Who wrote this? — A human analyst, an AI agent, or a hybrid team?
What type of assertion is this? — Raw data, agent inference, or human judgment?
Why was it written? — What was the rationale for this mutation?
From where was it derived? — What source nodes or systems informed this?
How confident is the writer? — Self-assessed reliability score
Who has read this? — Read audit trail for compliance and debugging

Write Provenance¶

Every mutation to the Company Brain generates a ProvenanceRecord:

from agent_utilities.knowledge_graph.core.company_brain import CompanyBrain
from agent_utilities.models.company_brain import ActorType, AssertionType

brain = CompanyBrain(enforce_provenance=True)

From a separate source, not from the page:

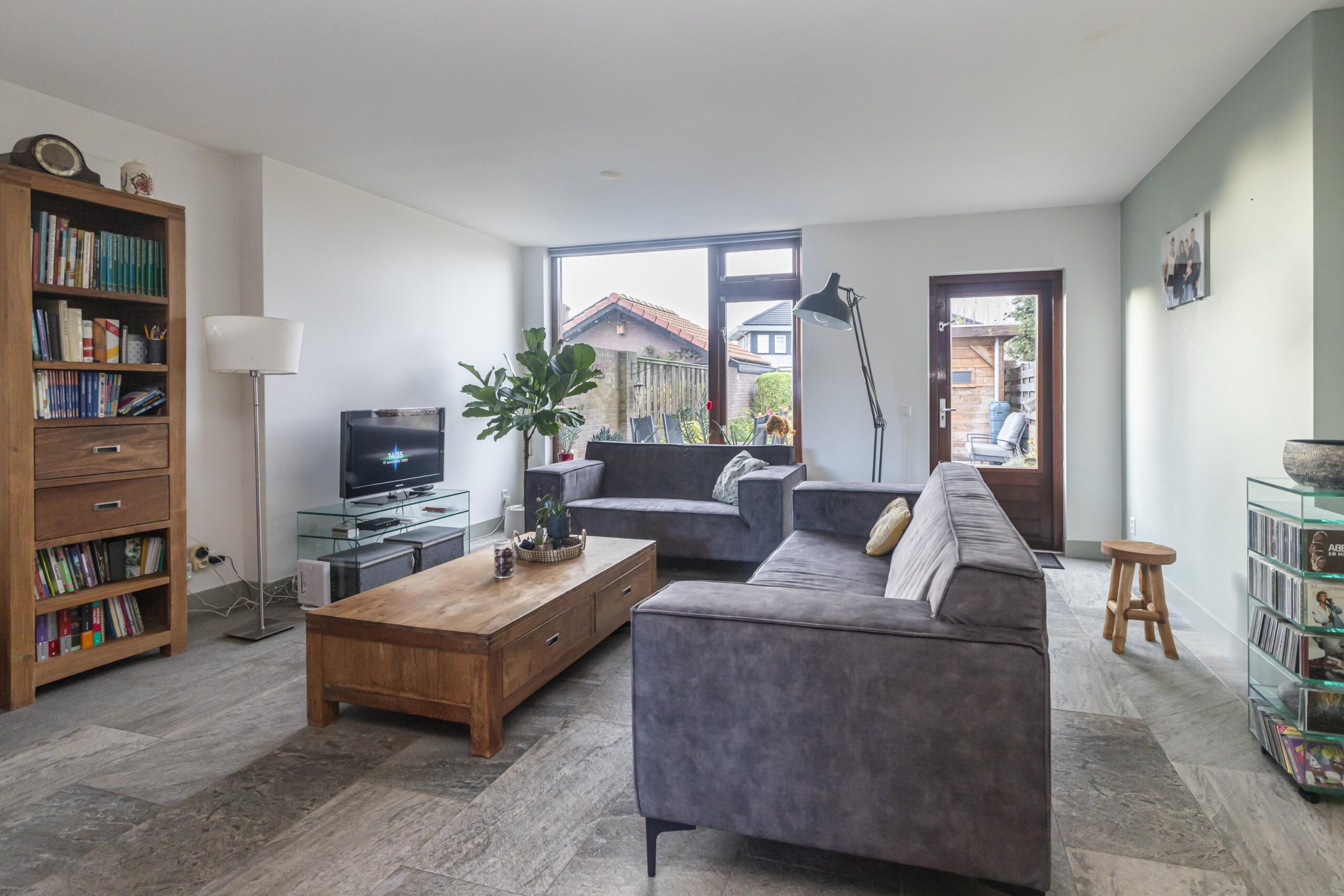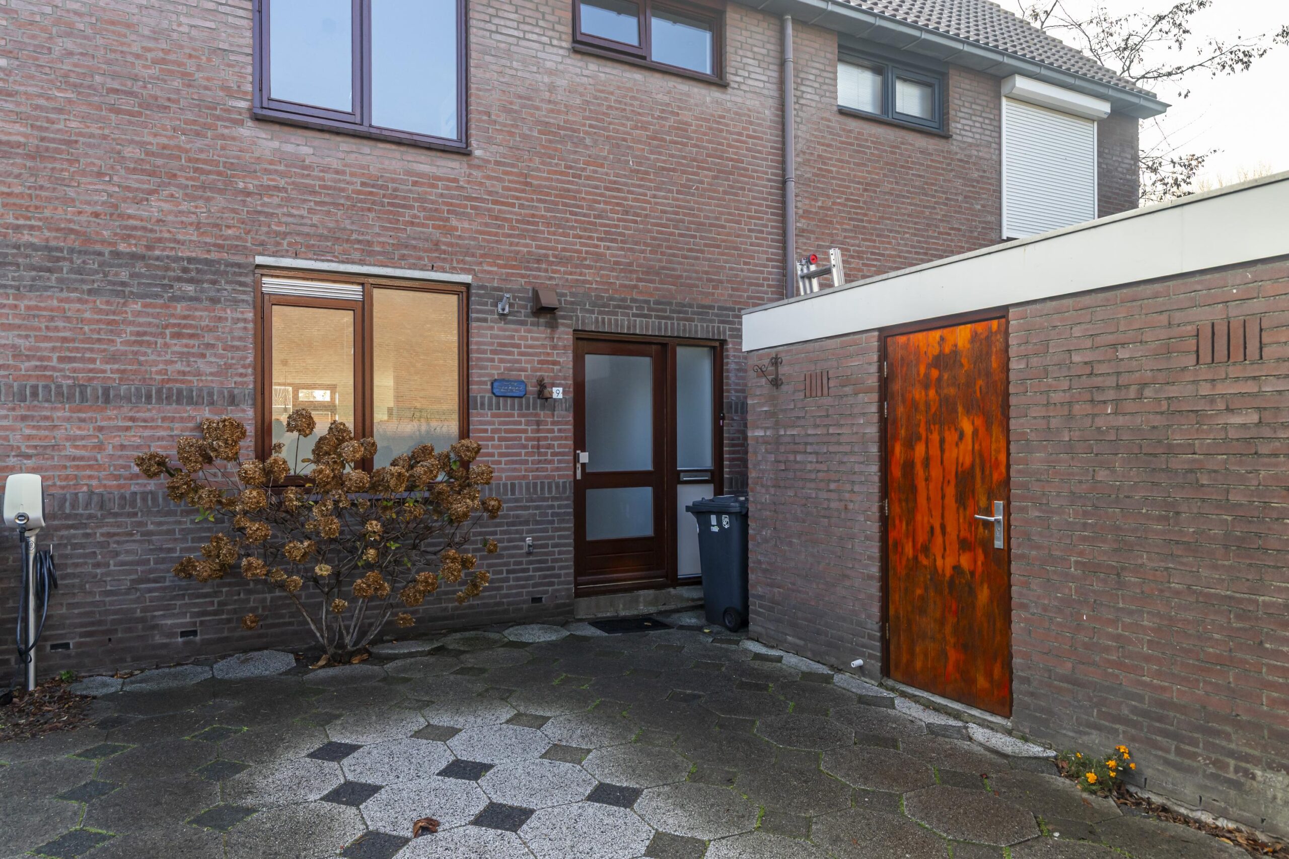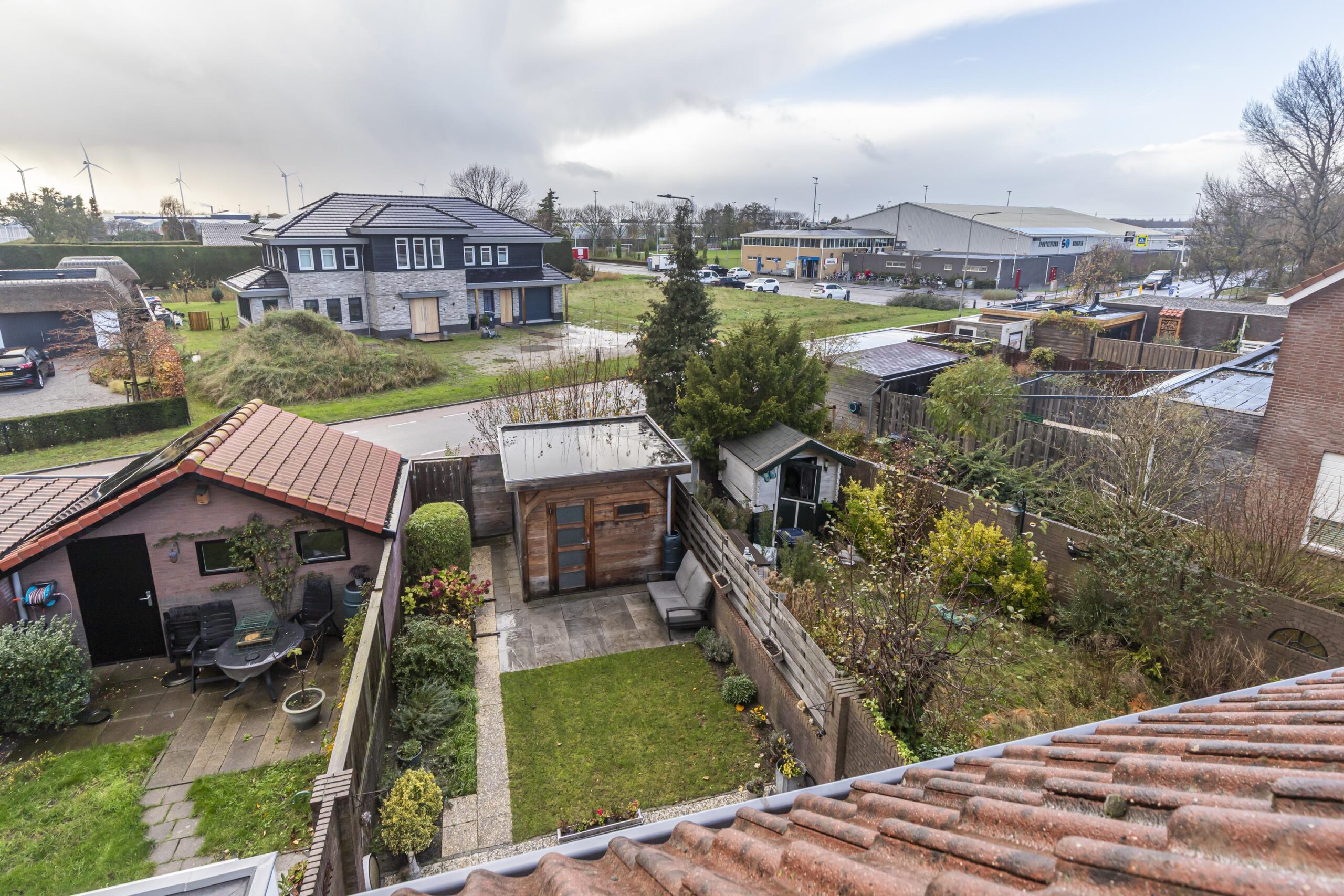 Via de achterdeur bereik je de achtertuin, gelegen op het zuidwesten. Dit betekent dat je hier de hele dag kunt genieten van de zon, met een fijne plek om buiten te zitten. De tuin is een rustige en zonnige oase, perfect voor het ontvangen van gasten of het ontspannen na een drukke werkdag.

# AI agent writes a risk assessment
brain.provenance.record_write(
    node_id="customer:001",
    actor_id="agent:risk-analyzer",
    actor_type=ActorType.AI_AGENT,
    action="update",
    assertion_type=AssertionType.AGENT_INFERENCE,
    confidence=0.87,
    source_system="internal_model",
    derived_from=["transaction:batch-2024-Q4", "customer:001:history"],
    rationale="Updated risk score based on Q4 transaction pattern analysis",
    tenant_id="trading-desk",
)

# Human analyst overrides
brain.provenance.record_write(
    node_id="customer:001",
    actor_id="analyst:jane",
    actor_type=ActorType.HUMAN,
    action="update",
    assertion_type=AssertionType.HUMAN_JUDGMENT,
    confidence=0.95,
    source_system="manual_review",
    derived_from=["customer:001:interview-notes", "regulatory:aml-guidelines"],
    rationale="Customer interview revealed legitimate business justification for unusual patterns",
    tenant_id="compliance",
)

Read Audits¶

The Company Brain tracks who queried what, closing the "who saw it" gap:

brain.provenance.record_read(
    actor_id="agent:report-generator",
    actor_type=ActorType.AI_AGENT,
    nodes_accessed=["customer:001", "customer:002", "customer:003"],
    query_summary="Generated quarterly risk report for compliance review",
    tenant_id="compliance",
)

This enables: - Compliance auditing — Prove who accessed PII and when - Debugging — Trace how an agent formed a conclusion by seeing what it read - Security — Detect unusual access patterns (an agent reading nodes it normally doesn't)

Trust Hierarchies¶

Formalize source authority so the conflict resolver knows which sources to trust:

from agent_utilities.models.company_brain import TrustHierarchyEntry

# Define source trust levels
brain.provenance.add_trust_entry(TrustHierarchyEntry(
    source_system="crm",
    data_domain="customer",
    authority_level=0.95,
    rationale="CRM is the system of record for customer master data",
    overrides=["slack", "email"],
))

brain.provenance.add_trust_entry(TrustHierarchyEntry(
    source_system="human_review",
    data_domain="compliance",
    authority_level=0.99,
    rationale="Regulatory decisions require human sign-off per SOX",
    overrides=["crm", "internal_model"],
))

# Query trust level
trust = brain.provenance.get_trust_level("crm", "customer")  # → 0.95

Provenance-Gated Retrieval¶

Filter query results to only include nodes from trusted sources:

all_nodes = ["customer:001", "customer:002", "customer:003"]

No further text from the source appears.